Investing.com-- Nissan (OTC:NSANY) Motor (TYO:7201) shares rose on Friday following reports that the automaker is preparing to withdraw from merger talks with Honda (NYSE:HMC) Motor (TYO:7267), potentially reopening the door for a partnership with Taiwan’s Hon Hai Precision Industry (TW:2317), popularly known as Foxconn (SS:601138).
Nissan’s stock climbed 5% to 435 yen on Friday after a Reuters report stated that CEO Makoto Uchida informed Honda’s CEO, Toshihiro Mibe, of the decision to terminate merger discussions.
The talks had stalled due to disagreements, including Honda’s proposal to make Nissan a subsidiary, which deviated from the initial plan of a merger of equals, Japanese public broadcaster NHK reported.
Honda’s shares fell by nearly 1% following the news, reflecting investor concerns over the failed merger.

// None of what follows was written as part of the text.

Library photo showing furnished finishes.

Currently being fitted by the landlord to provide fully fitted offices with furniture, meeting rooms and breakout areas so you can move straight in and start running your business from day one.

The potential merger aimed to create the world’s third-largest automaker, but differences between the companies, such as market value and production operations, led to complications, the reports stated.
Nissan is now exploring partnerships beyond the automotive sector, including with technology firms like Foxconn, according to the Reuters report.
Foxconn had previously expressed interest in Nissan but paused its pursuit amid the Honda merger discussions.
With the merger talks now faltering, reports suggest that Foxconn may renew its interest in collaborating with Nissan, particularly in the electric vehicle sector.